The election was the first order of business on the Board’s agenda. Long nominated Tomlin and Jett nominated Haynie for chairman. Tomlin won on a vote of 3-2 with newly installed supervisor James Brann voting for him with himself and Long. Tomlin then nominated Long for the vice-chairmanship and Jett nominated Haynie. Long was elected with the same votes as Tomlin had been.

Tomlin’s election was a notable political comeback. Earlier in 2019 the county Republican party had declined to re-nominate Tomlin who had been elected earlier with the party’s support. Instead, the party nominated Al “Junior” Fisher. Tomlin, running as an independent with help from the county’s Democrats, defeated Fisher. Thus, Thursday night he went from a Republican reject to chairman of the board.

Joe Schlatter, secretary of the county’s electoral board, reported to the supervisors that on what he said were four bits of good news and one bit of bad. The good news, he said included the county’s having a 58 per cent turn-out in last November’s election while across the state turn-out was at 44 per cent. Turn-out was up even in District 3 where the electoral board feared that the consolidation of voting places into a single place would cause a drop off.

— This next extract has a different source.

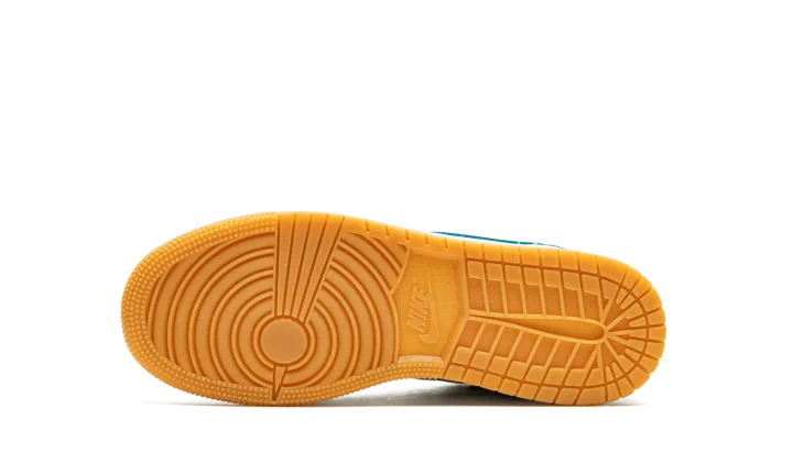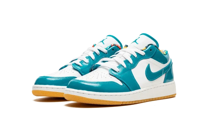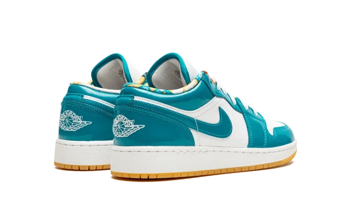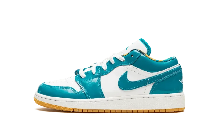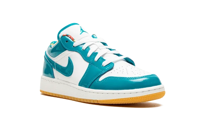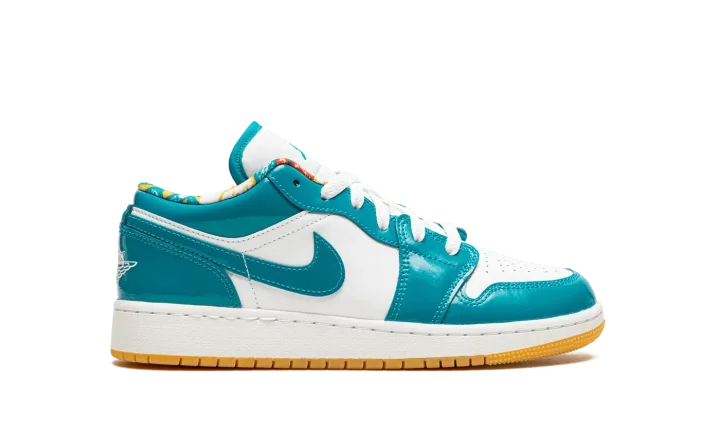The Air Jordan 1 Low SE GS "Barcelona" is the youth sizing of Michael Jordan's first signature shoe in a colorway that nods to a sweater that Jordan wore during the '92 Summer Olympics in Barcelona. A creative look for the popular low-top shoe, the "Barcelona" is dressed in a two-tone, white and Cyber Teal upper with white leather on the perforated toe and mid-panel. The overlays and Swoosh appear in glossy Cyber Teal-colored leather for a distinctive, '90s-esque look. White "Wings" branding is embroidered on the heel and a Cyber Teal Jumpman can be found on the white nylon tongue. The inner lining of both the left and right shoe feature a "Barcelona" inspired motif similar to the abstract tribal pattern found on the apparel that Jordan wore at the 1992 Olympics.

Schlatter noted that the new electronic poll books for which the county paid $12,000 worked “100 percent perfect.” He pointed out, too that the county’s voting method is not connected to the Internet in any way and thus cannot be hacked as happened in other places in the 2016 election.

Before turning to the bad news, Schlatter wanted to publicly thank Curtis Albright for his help in setting up and taking down the county’s five polling places. Albright’s help was indispensable, he said.

The bad news is that the General Assembly will, in all liklihood pass a law allowing early voting starting 45 days before the actual election day. That will oblige Northumberland to set up a polling place with a staff of four during that period which will cost from $600 to $800 daily. Thus, the electoral board’s budget will balloon from $55,000 to as much as $125,000 depending on how many elections there are in a given year. Schlatter noted that there are a couple of bills that would require the state to pay the new expenses but, “Good Luck with that.”

The Supervisors passed a resolution thanking Nancy VanLandingham for her eight years service as a member the county’s social services administrative board. Tomlin pointed out that VanLandingham is from a family of dedicated pubic servants and is leaving the board because of term limits.

Following a public hearing at which nobody spoke, the Supervisors also authorized the creation of a county broadband authority that will be charged with doing all possible to improve internet service in the county.